As you might have guessed, caching is only useful if you need to access the same data over and over again.  There is no point to caching your data if you are not going to need it anymore afterwards.

{mospagebreak title=Why a Caching Architecture?}

I have implemented caches myself on many occasions, but they were always an afterthought: code had been released and a customer complained about performance.  You verify that you have tuned your queries to perfection and then you realize that caching will significantly increase performance, so you start patching up your code and add the caching logic.

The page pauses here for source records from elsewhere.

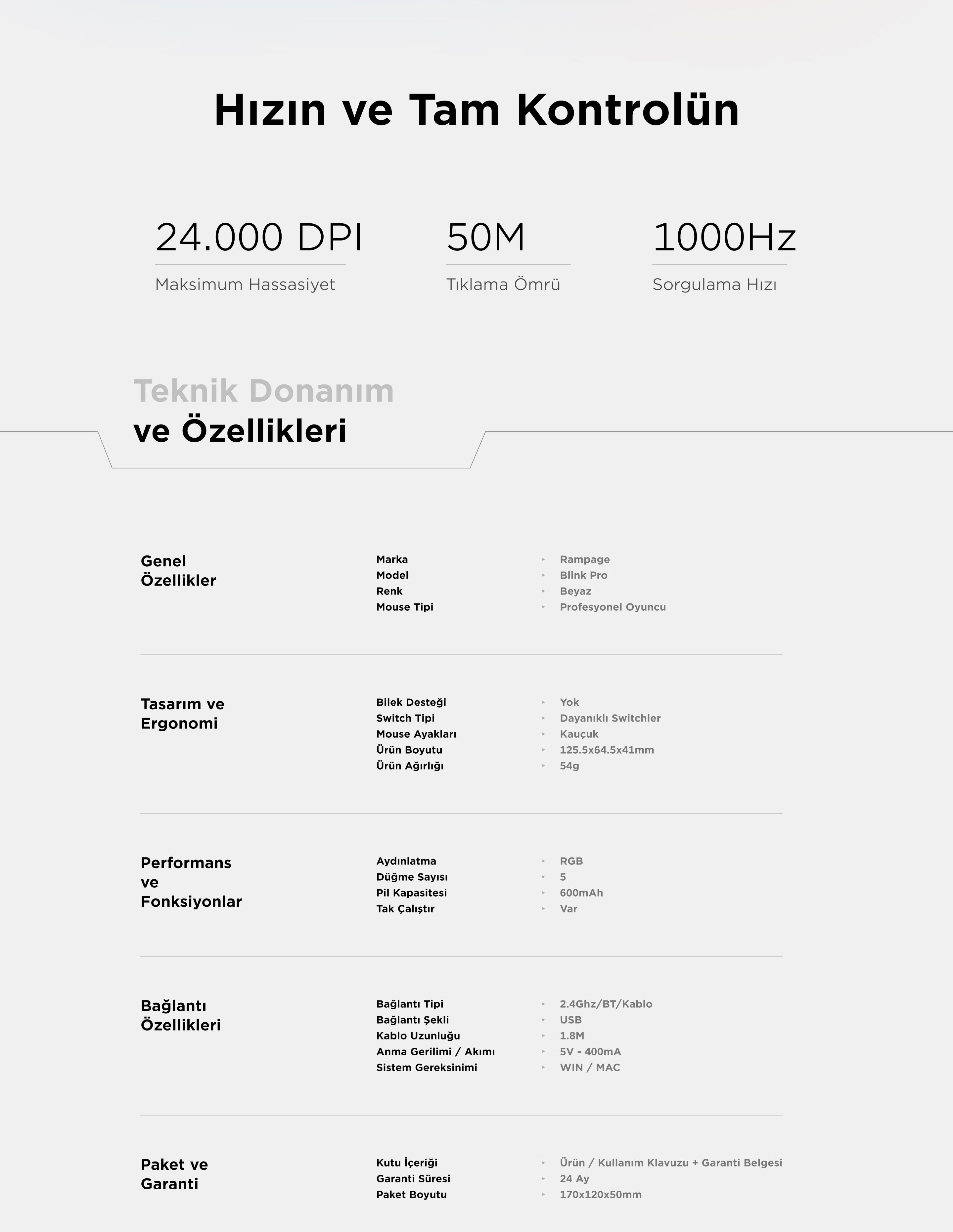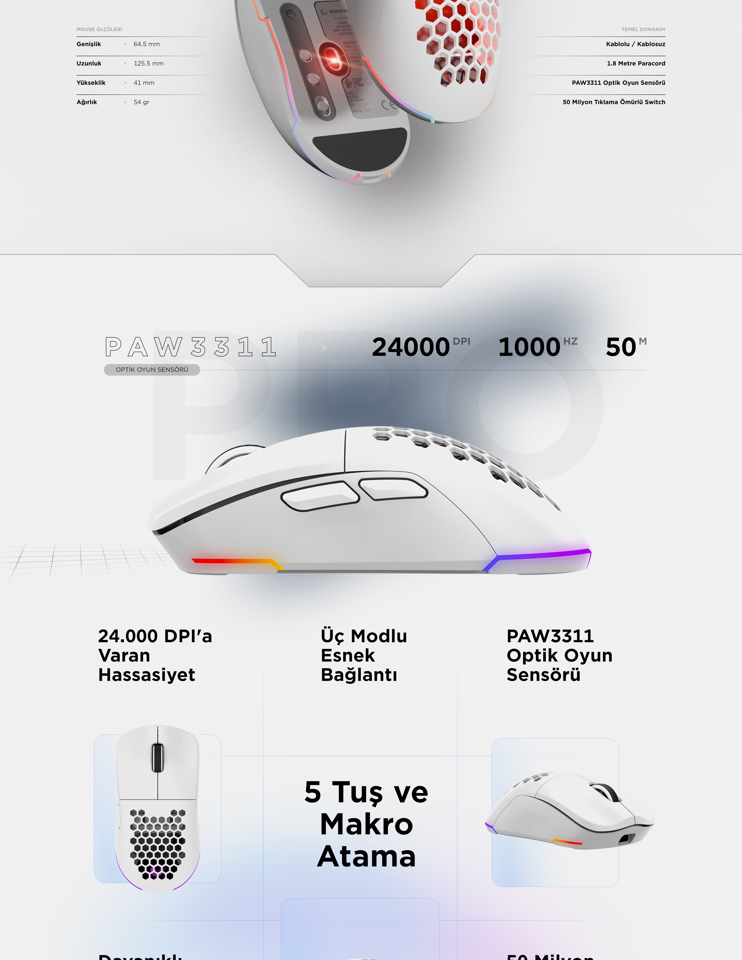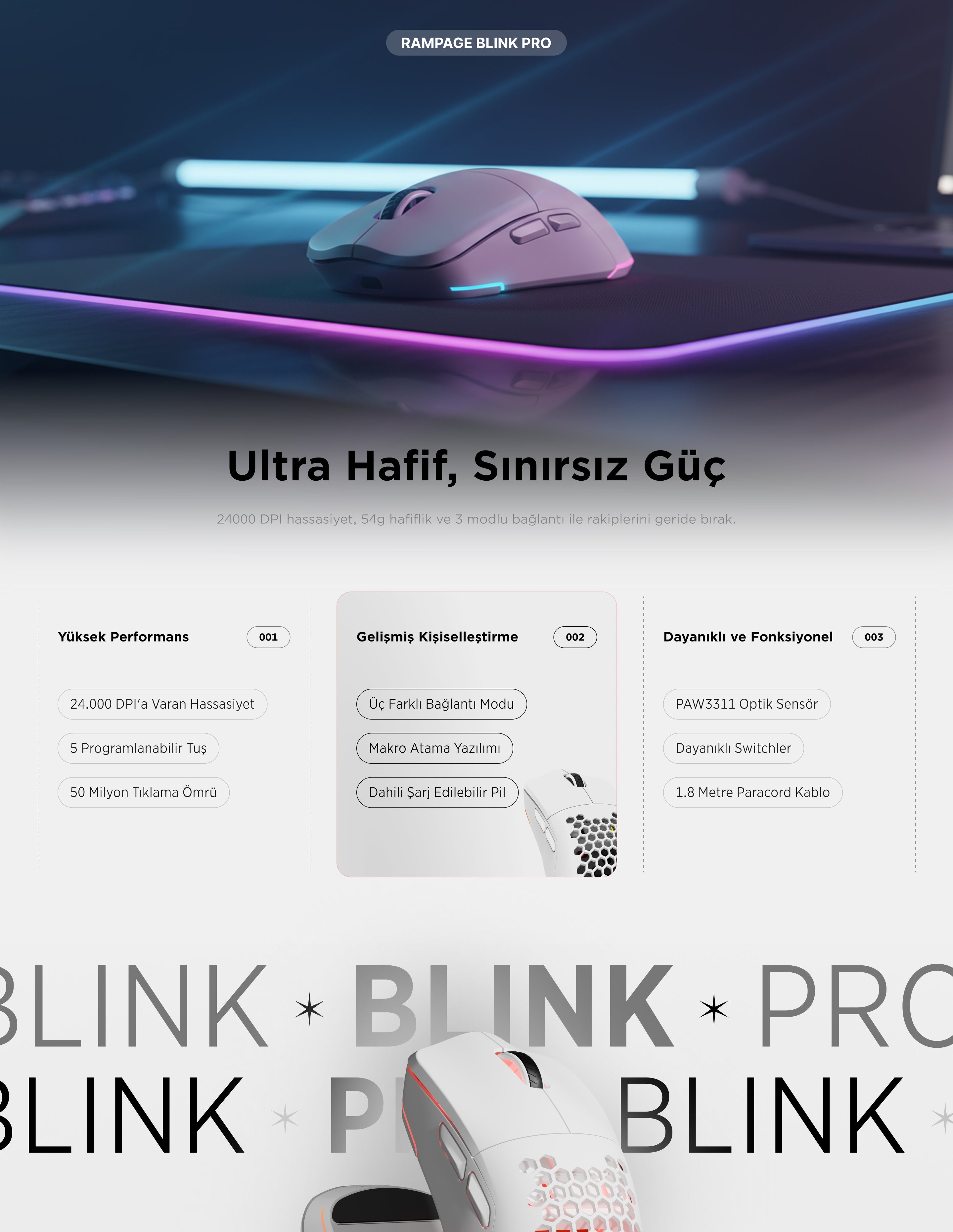 Blink Pro RGB 24000 Dpi 3311 Sensor Wireless Gaming Mouse-White
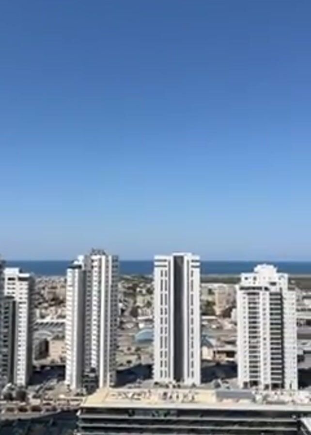 panoramic view of a modern cityscape on a clear, sunny day. The scene is dominated by numerous high-rise buildings with predominantly white or light-colored facades. These buildings are distributed across the urban landscape, interspersed with lower-level structures and green spaces. In the distance, a body of water, presumably the sea, is visible, meeting the horizon under a clear blue sky. There is evidence of construction activity in certain areas, with large construction sites and earth-moving equipment present. The scene is viewed from an elevated position, providing an expansive perspective of the city sprawling out towards the coastline.
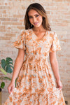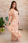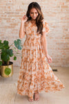 Elegance at its best! The darling new Eden dress has got our attention and we are sure it will have yours too! Soft V-neckline, gorgeous short flutter sleeves, a flowy ruffle tier maxi skirt, what more can we say?! This beautiful floral print has stolen our hearts! This dress is also fully lined except for those lovely flutter sleeves and has a shirred elastic waistband.
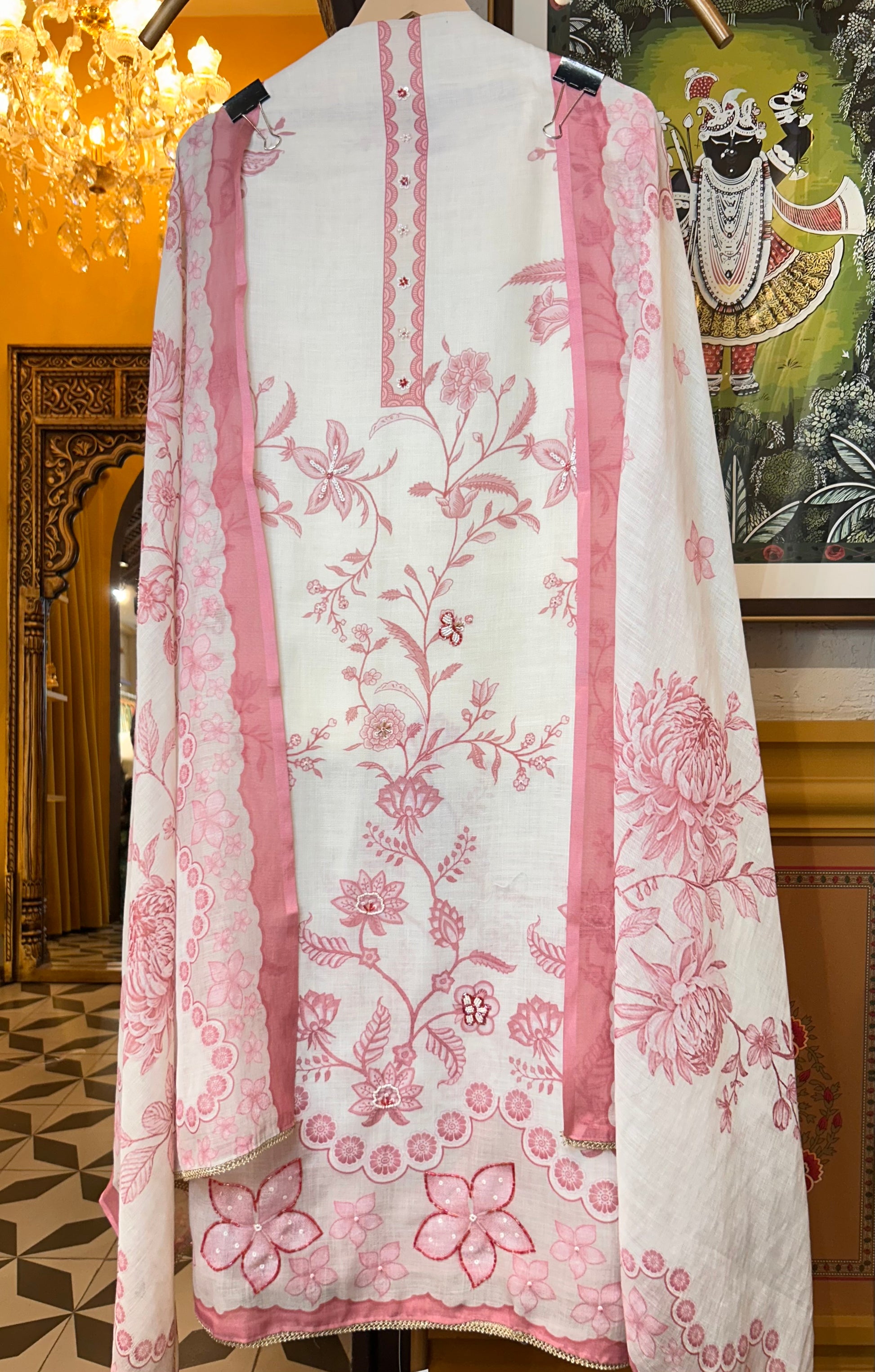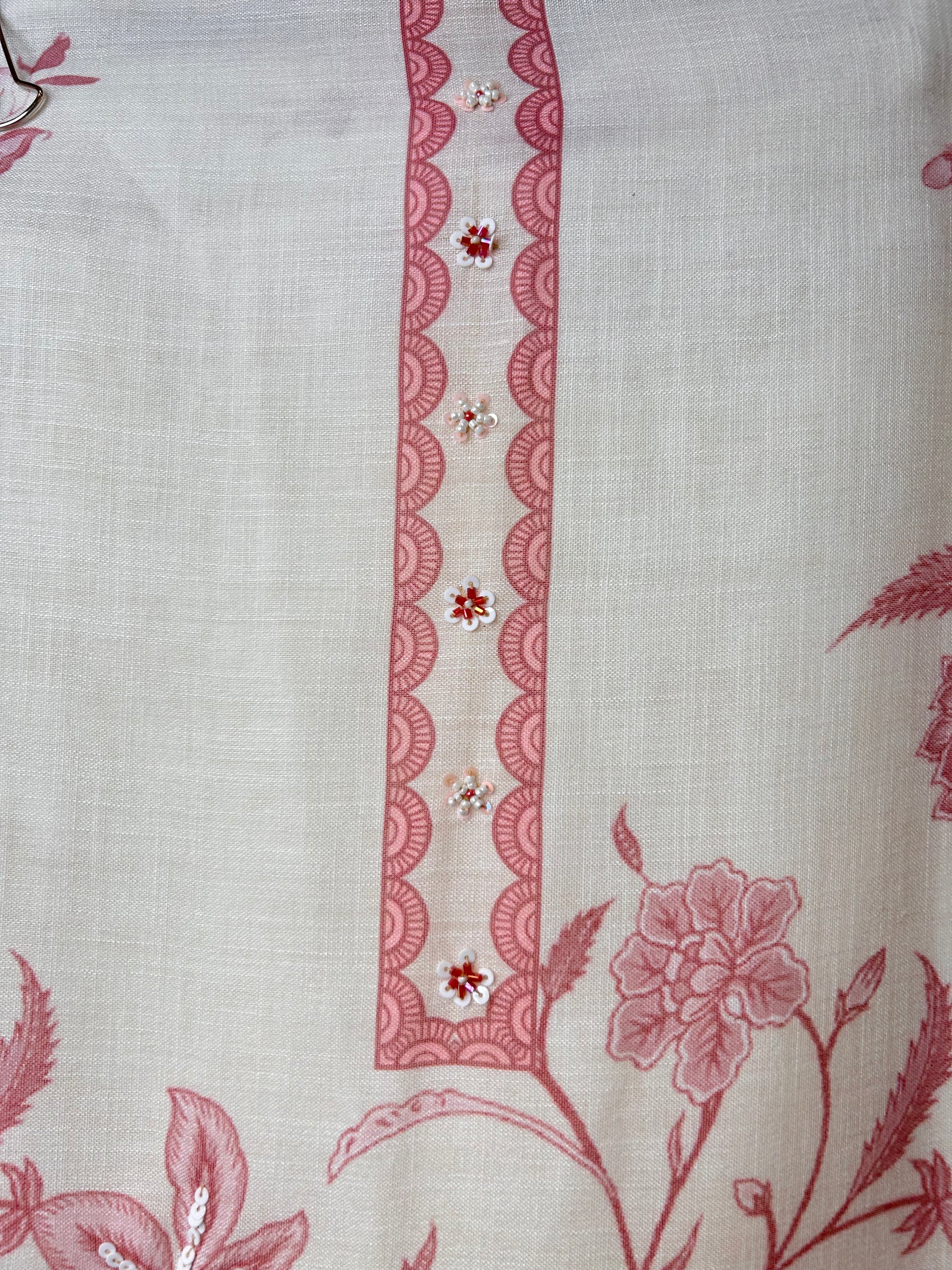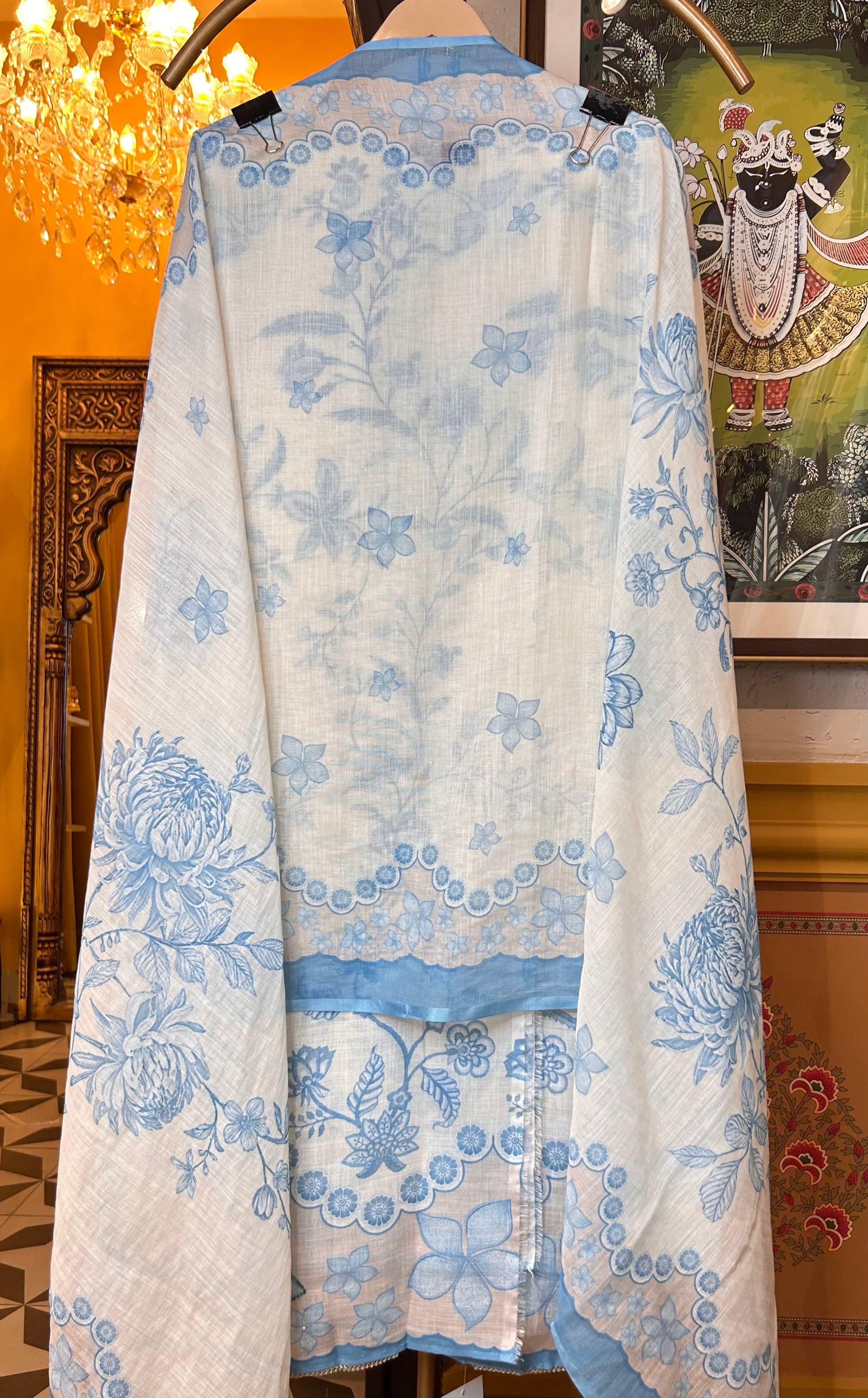 The pure linen shirt (2.5mtr) features intricate digital prints that evoke subtle artistry, offering a fluid silhouette with a natural, breezy texture. Paired with a pure linen digital printed dupatta (2.25mtr), the look feels complete — light, elegant, and refreshingly minimal. 💞
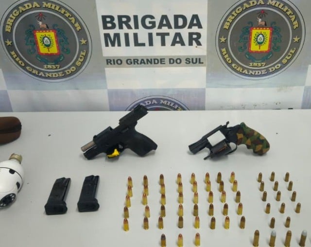 Já durante a noite, no bairro Kayser, os policiais atenderam uma denúncia de disparo de arma de fogo e localizaram um homem em posse de duas armas dentro de sua residência: um revólver calibre .38 e uma pistola calibre 9mm com a numeração suprimida, além de diversas munições de diferentes calibres.
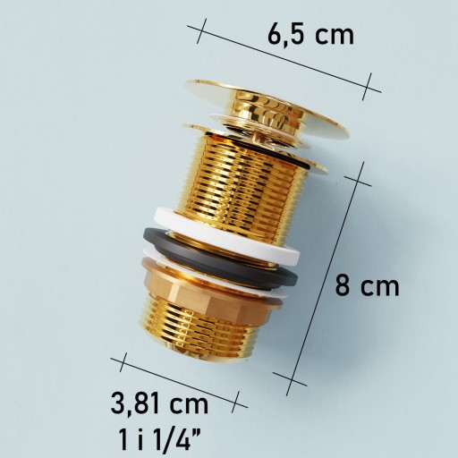 Syfon umywalkowy teleskopowy mosiężny korek klik klak bez przelewu złoty.

I also started noticing that the way I implemented caching in different places was never exactly the same.  Obviously you are dealing with different data so there have to be differences, but I am referring to my own implementations varying from code to code.  Basically I was re-inventing the wheel every time I implemented caching logic and sometimes the wheel had 10 spokes and sometimes 11.  Worst of all, occasionally, there should have been 10 spokes but there were only 9, i.e. I would introduce bugs into my own caching logic (that I implemented perfectly two weeks before in some other piece of code).

After having gone through several iterations of this, I finally decided enough is enough.  I sat down to once and for all come up with a proper solution, some simple guidelines that I can just follow whenever I need to implement caching logic, a proper caching architecture.  I also figured that maybe when I have these guidelines, I would not wait to implement caching till a customer tells me to, but actually design them in the system from the start. 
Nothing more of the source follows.